This page pertains to UD version 2.

UD Sanskrit Vedic

Language: Sanskrit (code: sa)
Family: Indo-European, Indic

This treebank has been part of Universal Dependencies since the UD v2.6 release.

The following people have contributed to making this treebank part of UD: Salvatore Scarlata, Elia Ackermann, Oliver Hellwig, Erica Biagetti, Paul Widmer, Sven Sellmer.

Repository: UD_Sanskrit-Vedic
Search this treebank on-line: PML-TQ
Download all treebanks: UD 2.14

License: CC BY-SA 4.0

Genre: nonfiction

Questions, comments? General annotation questions (either Sanskrit-specific or cross-linguistic) can be raised in the main UD issue tracker. You can report bugs in this treebank in the treebank-specific issue tracker on Github. If you want to collaborate, please contact [hellwig7 (æt) gmx • de]. Development of the treebank happens outside the UD repository. If there are bugs, either the original data source or the conversion procedure must be fixed. Do not submit pull requests against the UD repository.

Annotation Source
Lemmas annotated manually in non-UD style, automatically converted to UD
UPOS assigned by a program, with some manual corrections, but not a full manual verification
XPOS annotated manually in non-UD style, automatically converted to UD
Features annotated manually in non-UD style, automatically converted to UD
Relations annotated manually, natively in UD style


The Treebank of Vedic Sanskrit contains 4,000 sentences with 27,000 words chosen from metrical and prose passages of the Ṛgveda (RV), the Śaunaka recension of the Atharvaveda (ŚS), the Maitrāyaṇīsaṃhitā (MS), and the Aitareya- (AB) and Śatapatha-Brāhmaṇas (ŚB).

Lexical and morpho-syntactic information has been generated using a tagging software and manually validated. POS tags have been induced automatically from the morpho-sytactic information of each word.

Vedic Sanskrit is an ancient Indo-Aryan language, one of the oldest transmitted Indo-European languages and the precursor of Classical Sanskrit.
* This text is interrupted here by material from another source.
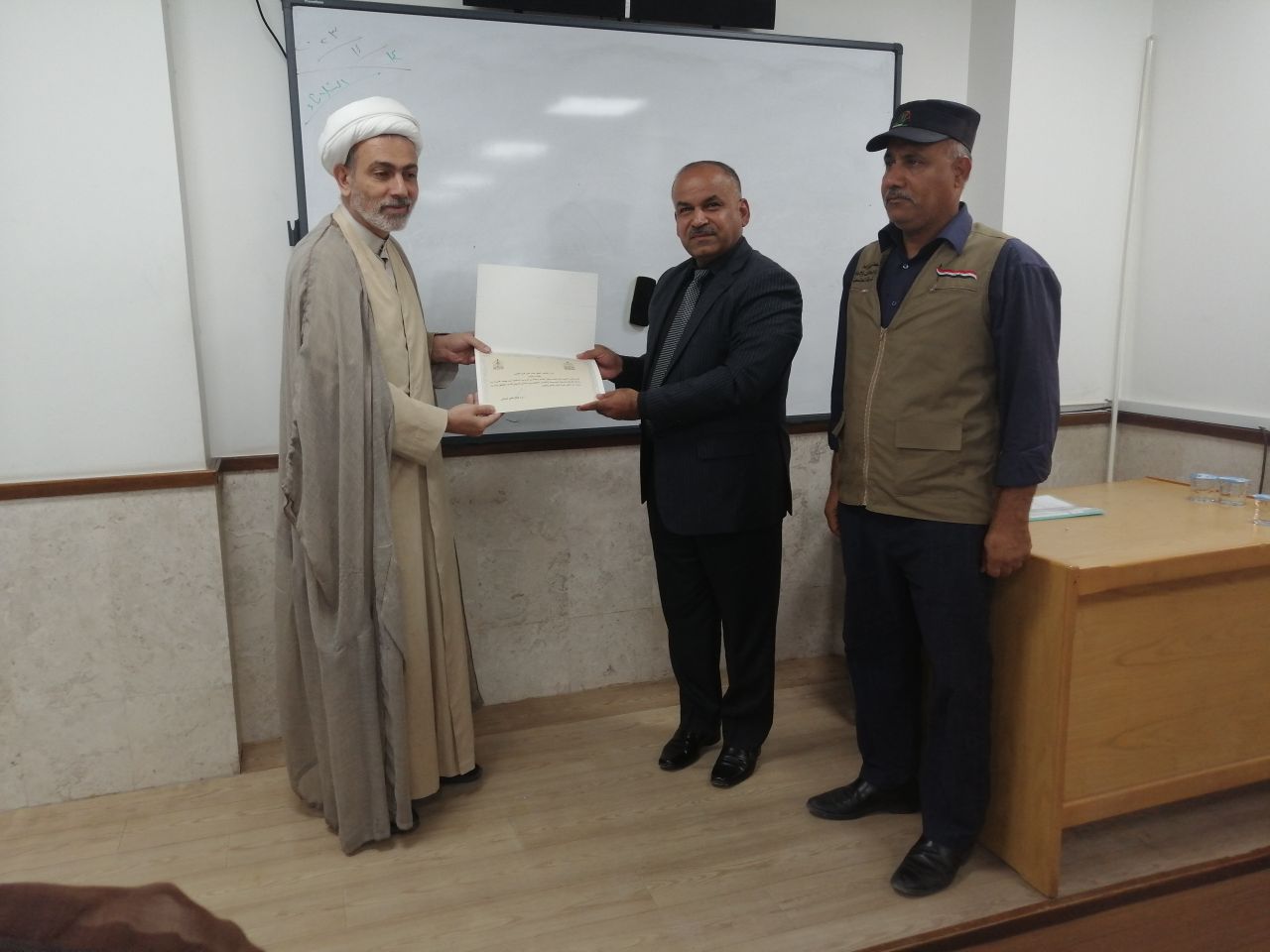 وفي ختام الندوة، قدم كلية العلوم الإسلامية كتاب شكر وتقدير السيد عميد الكلية د. طلال الكمالي، إلى الدكتور الغزالي، تقديرًا لجهوده القيّمة في نقل المعرفة وتوعية الشباب حول هذا الأمر الحيوي.

The relatively large corpus of Vedic poetry and prose is critical for the reconstruction of the early linguistic history of Indo-European and important as a source for socio-cultural developments in South Asia during the second and first millenia BCE.

The composition of the Vedic treebank is motivated by the need for a resource that can be used for data-driven, quantitatively robust diachronic and synchronic investigations of linguistic phenomena in, and starting with, the oldest layers of Vedic Sanskrit.


Annotation and composition of this treebank are described in detail in the following paper:

author = {Hellwig, Oliver and Scarlata, Salvatore and Ackermann, Elia and Widmer, Paul},
title = {The Treebank of {Vedic Sanskrit}},
booktitle = {Proceedings of the LREC},
year = {2020}

An updated overview of the annotation procedure and coverage can be found here:

title = {Data-driven Dependency Parsing of {V}edic {S}anskrit},
author = {Hellwig, Oliver and Nehrdich, Sebastian and Sellmer, Sven},
journal = {Language Resources \& Evaluation},
volume = {57},
pages = {1173--1206},
year = {2023}

Train-test split

Following the UD recommendations, documents are kept together when generating the train, test and dev splits. For the Vedic data, the term “document” means a hymn (metrical texts) or a chapter (prose texts). Some of these documents are not complete, meaning that not the whole chapter or hymn was annotated. This happens quite often with the Rigveda.


The annotation has been performed by Salvatore Scarlata, Oliver Hellwig, Elia Ackermann, Erica Biagetti, and Sven Sellmer.